3 things you should know about marriage and citizenship

| Mar 5, 2019 | US Immigration Law |

Love is a feeling that knows no bounds, even across international borders. It’s not uncommon for a U.S. citizen to fall in love with someone in another country.

When the relationship advances, and marriage is the next step, you may wonder what the process is for making your new spouse an American citizen. You know by marrying you, the person will receive citizenship, but you do not necessarily know how. Before saying “I do” without any idea how the process works, check out these three facts you did not know about spousal citizenship.

1. You both need to provide valid documentation

The steps to obtaining a green card will request both the U.S. citizen spouse (also known as the sponsoring spouse) and the foreign spouse to provide documentation. The sponsoring spouse must provide proof of U.S. citizenship, either through birth records or a green card. The parties need to provide evidence that the marriage is legal. If this marriage is a second one for either party, the government requires divorce papers.

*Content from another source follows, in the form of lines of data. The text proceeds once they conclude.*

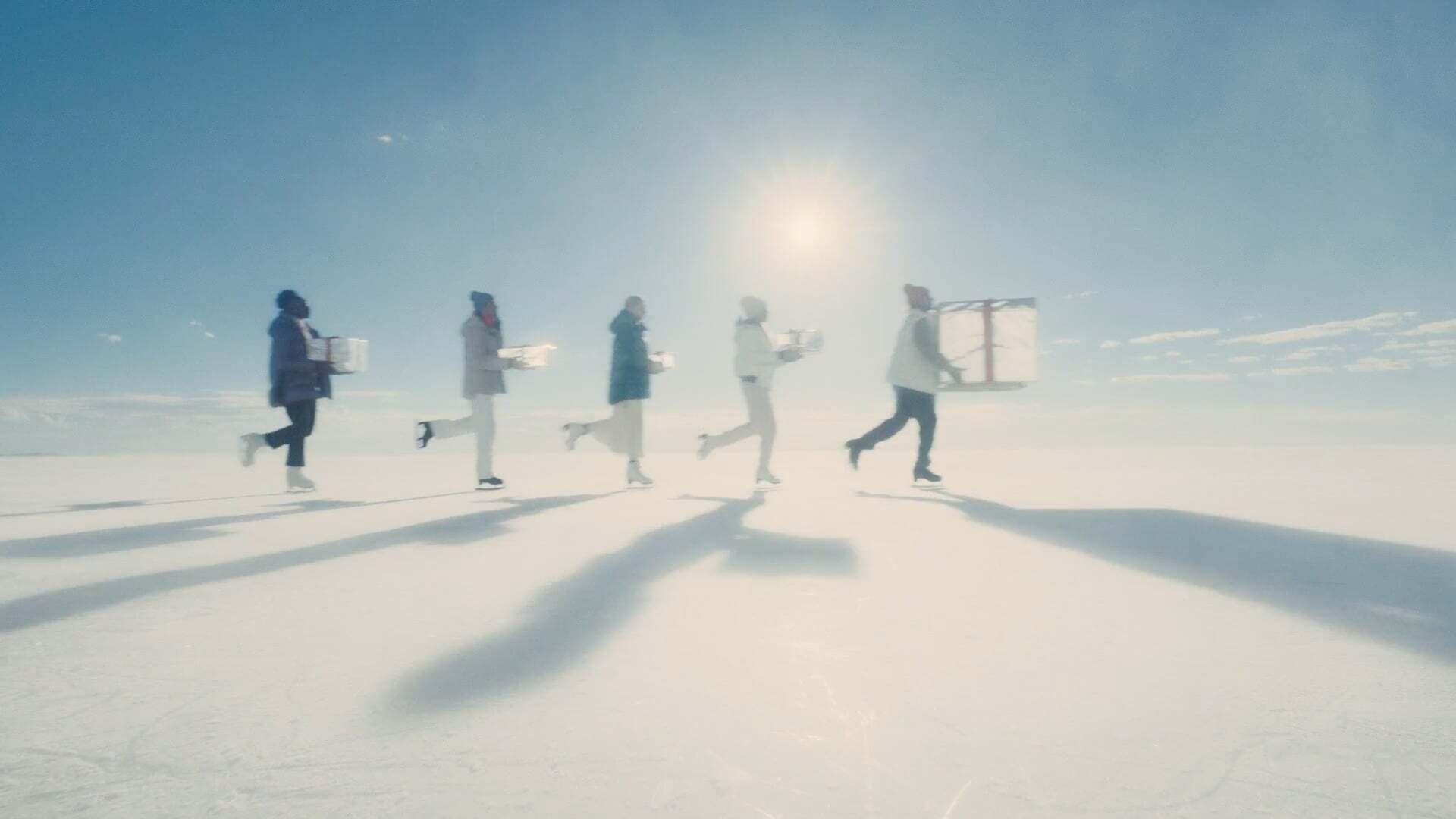 Figures skaters across a vast, white expanse under a bright, clear sky. Each figure carries a gift, and they appear to be moving at a brisk pace, creating a sense of motion blur. The overall scene evokes a feeling of joy, winter, and perhaps a festive occasion. The use of motion blur contributes to a dreamy, slightly surreal atmosphere.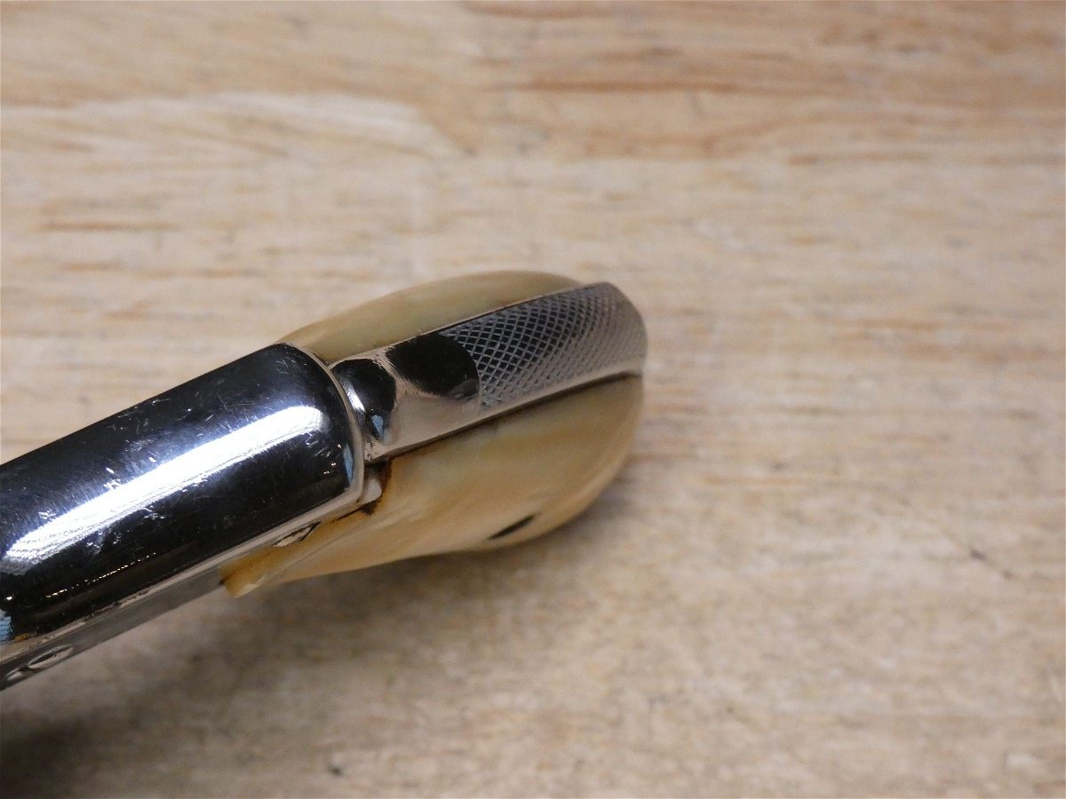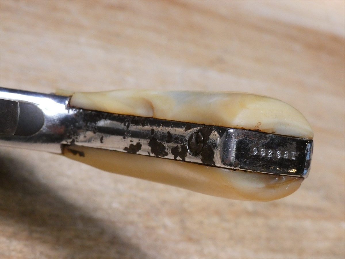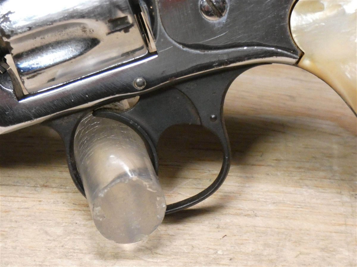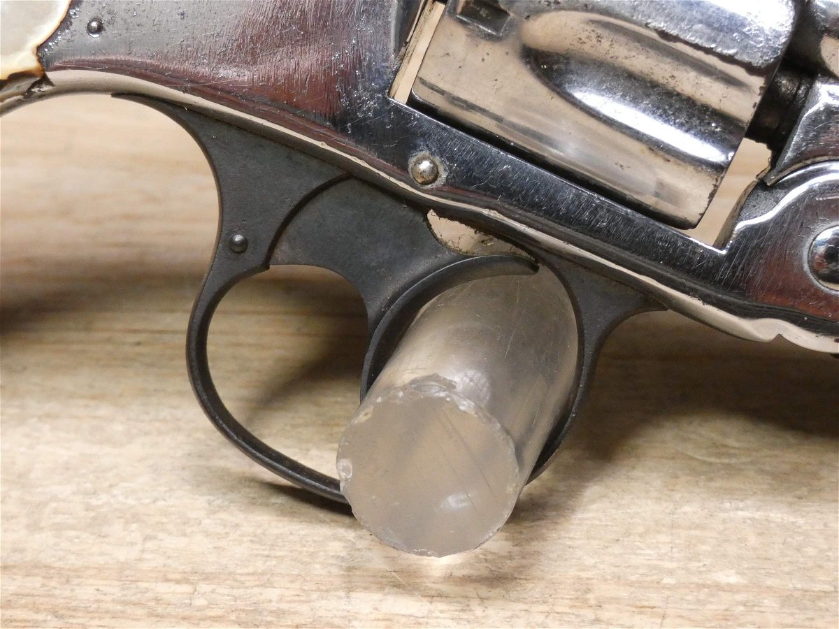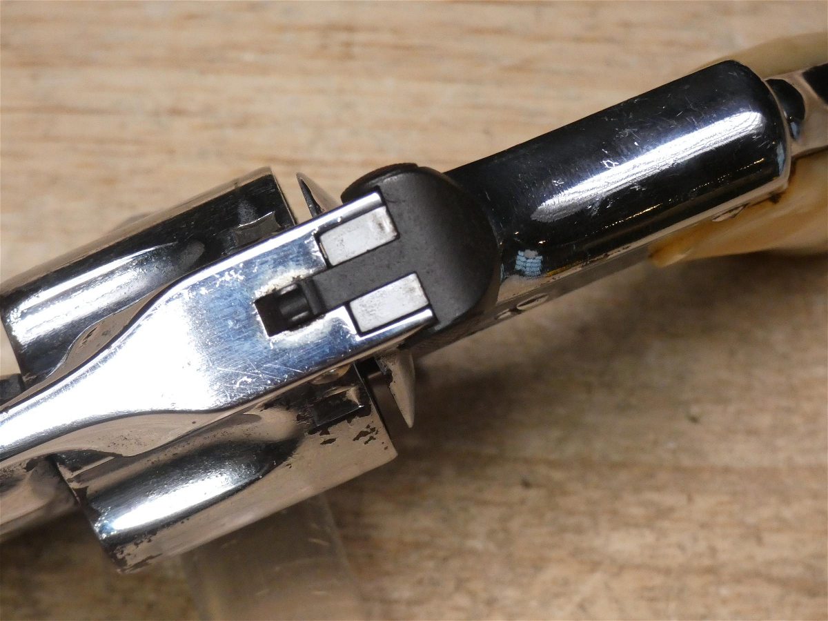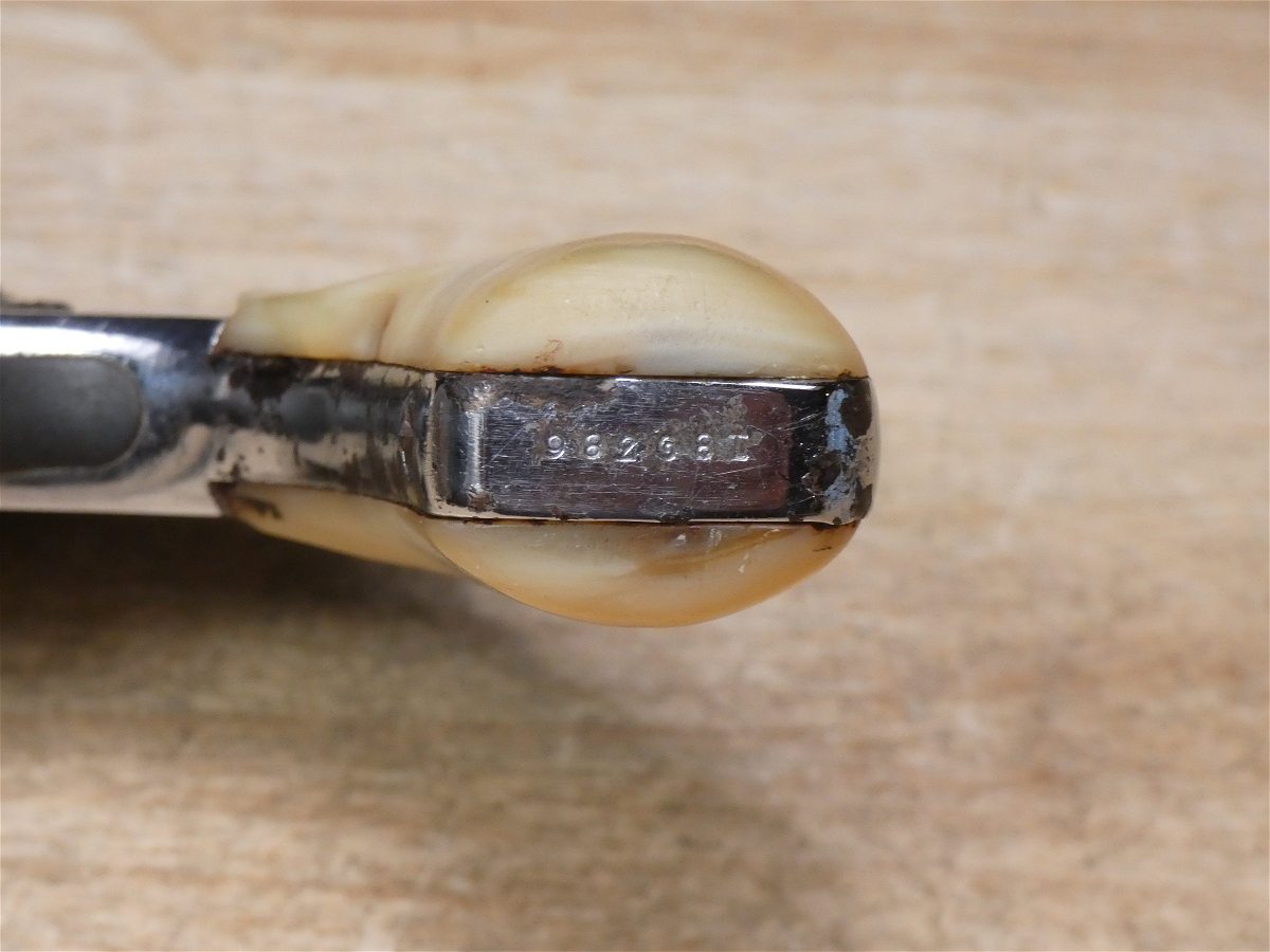 For sale is a Smith & Wesson Safety Hammerless 3rd Model top-break revolver in .32 S&W. Serial number-189386. This revolver is in fair condition, however, there is some finish wear on the barrel, cylinder, and frame. There is also some rust present underneath the pearl grips. The bore also has some pitting. Mechanically, this firearm functions well for its age with proper timing and tight lock up. This revolver features a nickel finish, REAL PEARL GRIPS, a 5-inch barrel, and comes with a holster.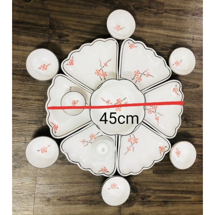 Bộ bát đĩa Hoa mặt trời vẽ hoa đào hồng đường kính 45cm gồm 7 chi tiết và 15 chi tiết :Bộ 7 chi tiết gồn :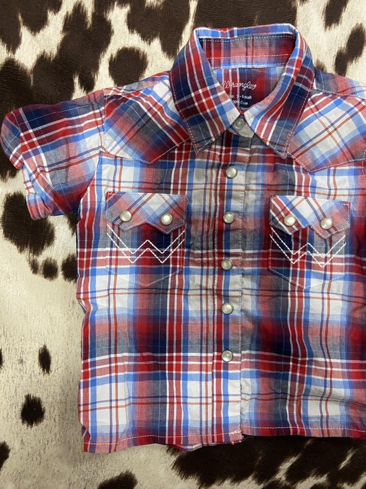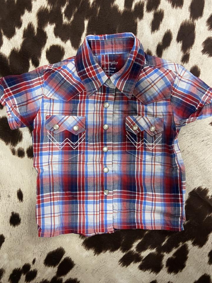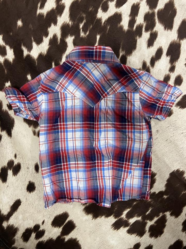 Pre-Loved Wrangler Blue/Red Pearl Snap Western Shirt *3-6 Months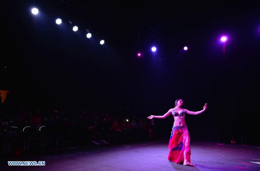 A dancer performs belly dance in Fuzhou, capital of southeast China's Fujian Province, March 22, 2015. Belly dance has become more and more popular among women in modern cities of China. (Xinhua/Wei Peiquan)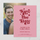 Retro Typography Wedding Save The Date Invitation. With a modern retro typography "save the date" in a pink and red color palette on the front with names and date, website or your own text in a simple and minimal design. A full-frame photo on the back of the wedding announcement. A unique and affordable Wedding Save the Date for couples on a budget. Choose prints and/or a digital announcement download.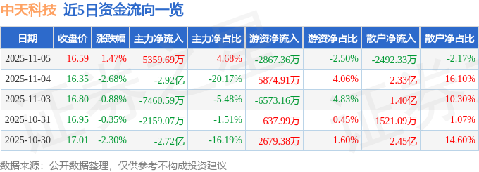 证券之星消息,截至2025年11月5日收盘,中天科技(600522)报收于16.59元,上涨1.47%,换手率2.05%,成交量69.95万手,成交额11.46亿元。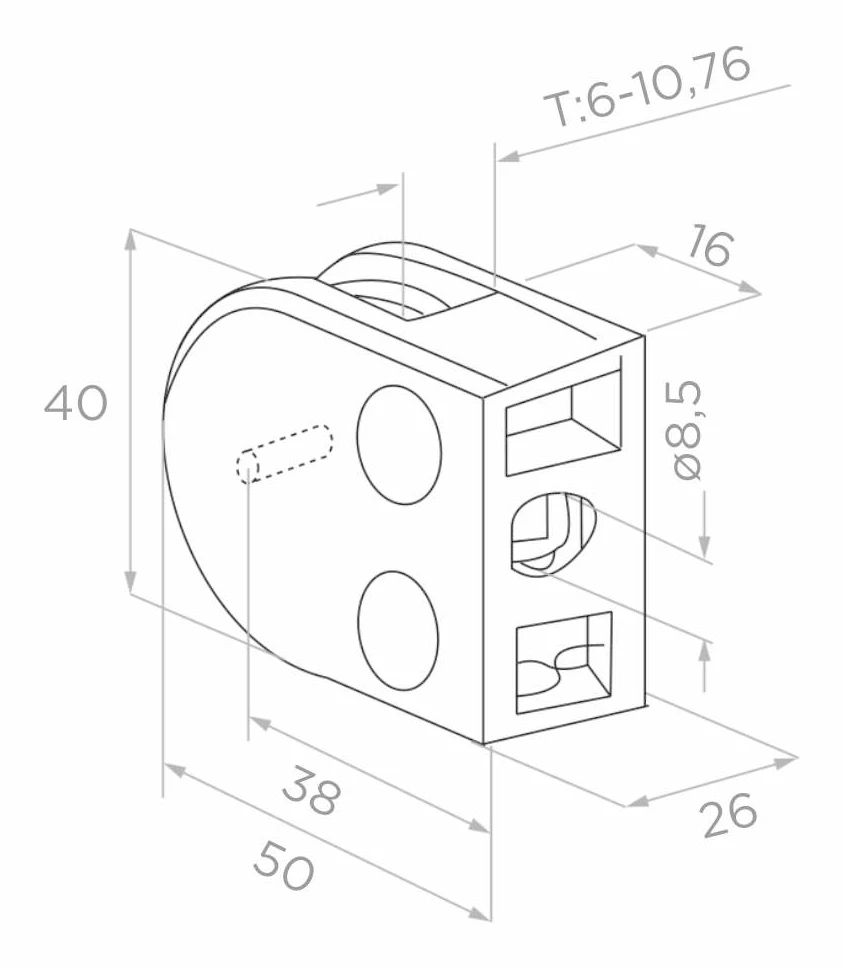 Der Halter wird komplett mit Sicherungspin geliefert. Distanzgummis, die für die ordnungsgemäße Einbettung des Glases im Halter erforderlich sind, müssen separat erworben werden. Dank des universellen Glasstärkenbereichs von 6–10,76 mm eignet sich der Halter sowohl für die Montage von Einscheibenglas als auch für Verbundsicherheitsglas (z. B. VSG). Die rohe Oberflächenausführung ermöglicht eine beliebige Pulverlackierung und bietet damit volle Freiheit bei der Farbwahl für das jeweilige Projekt – von der Terrassenbrüstung bis zur Innenverglasung im Büro.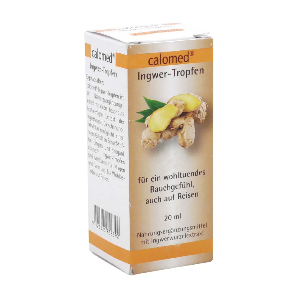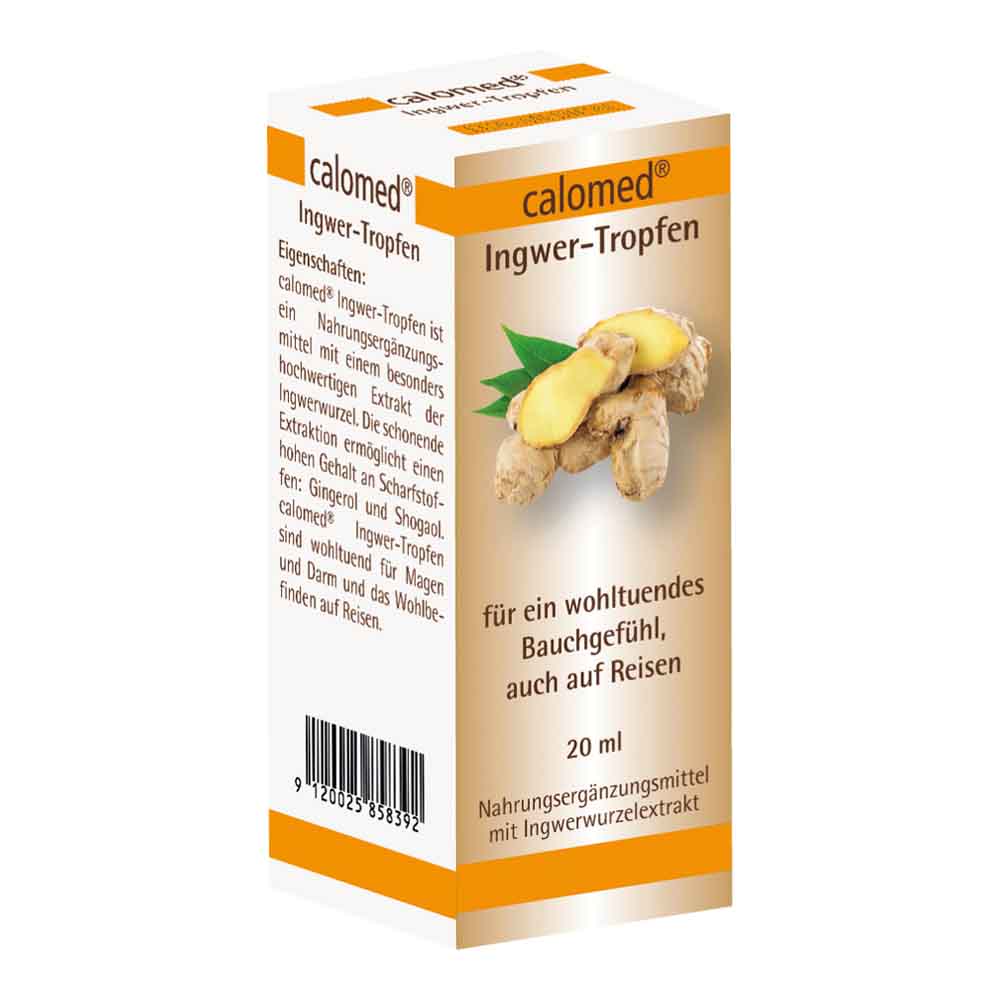 calomed Ingwer-Tropfen ist ein Nahrungsergänzungsmittel mit Ingwerwurzelextrakt, wohltuend für Magen und Darm und das Wohlbefinden auf Reisen – online bestellen > durch GRATIS Lieferung* bares Geld sparen!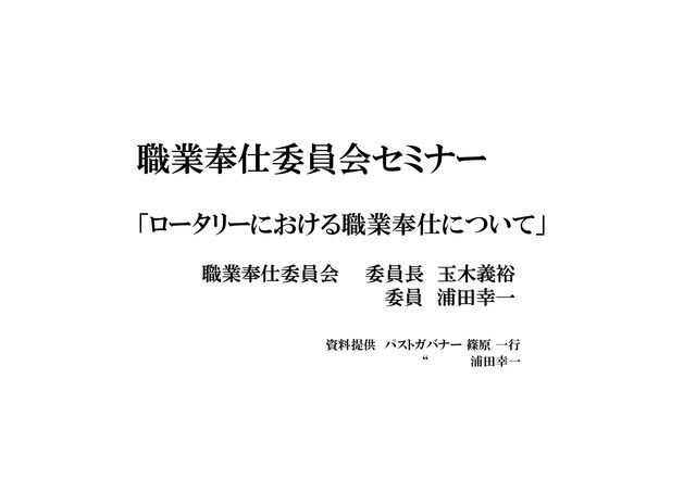 職業奉仕委員会セミナー 「ロータリーにおける職業奉仕について」 職業奉仕委員会 委員長 玉木義裕 委員 浦田幸一 資料提供 パストガバナー 篠原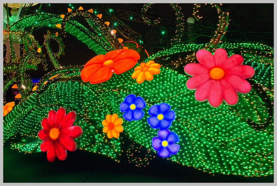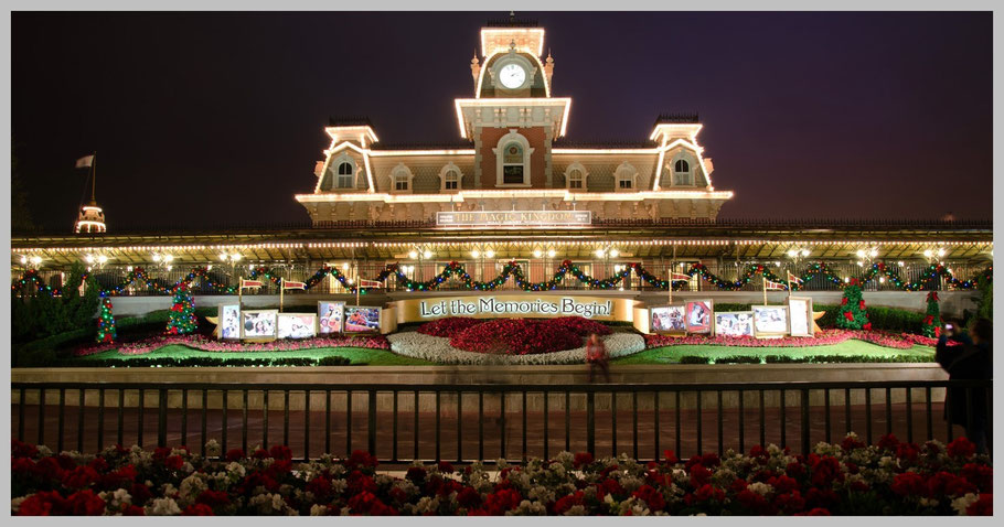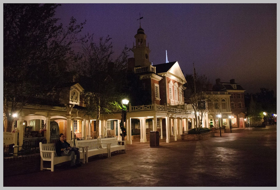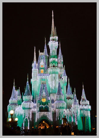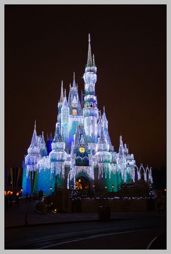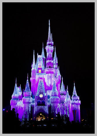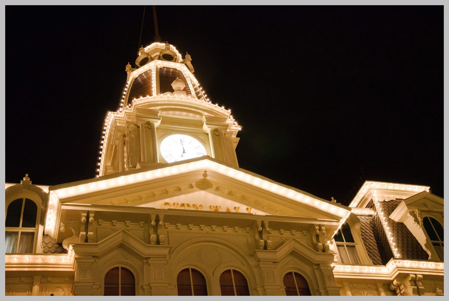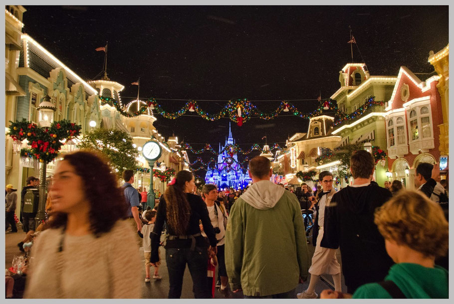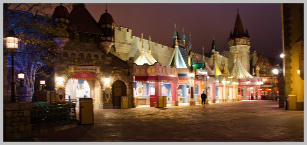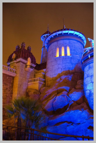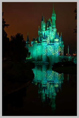 Wieder vorn in der Main Street angekommen wechselte das Schloss gerade dauernd seine Farben. So toll!
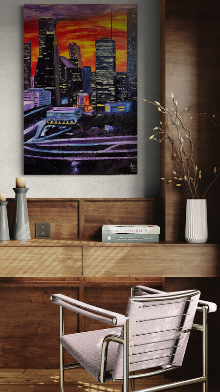 This luminous composition captures the heartbeat of Houston as day surrenders to night—vivid, unrelenting, and alive with possibility.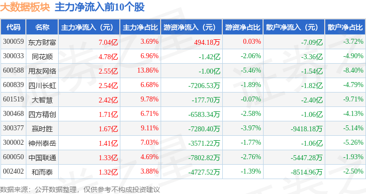 从资金流向上来看,当日大数据板块主力资金净流出66.25亿元,游资资金净流入21.91亿元,散户资金净流入44.35亿元。大数据板块个股资金流向见下表:

2. Make sure the marriage is valid and genuine

Even after providing the above, U.S. Immigration will try to figure out if the marriage is a sham. Marrying a U.S. citizen to gain legal status in the country is big business for Americans and foreigners; however, it is also a crime. The following may provide clues that the marriage is not genuine:

  • A wide gap in age between the couple
  • Educational disparities
  • Financial disparities

Immigration will also consider differing religions and languages a giveaway that the marriage is not valid.

3. Same-sex marriage will not qualify

Currently, the marriage between same-sex couples is not considered valid when one of them is a sponsoring spouse. While gay marriage is legal in the United States, it has not trickled down to green-card eligibility through marriage.

Knowing these three simple tips may assist you in understanding where you and your foreign spouse stand.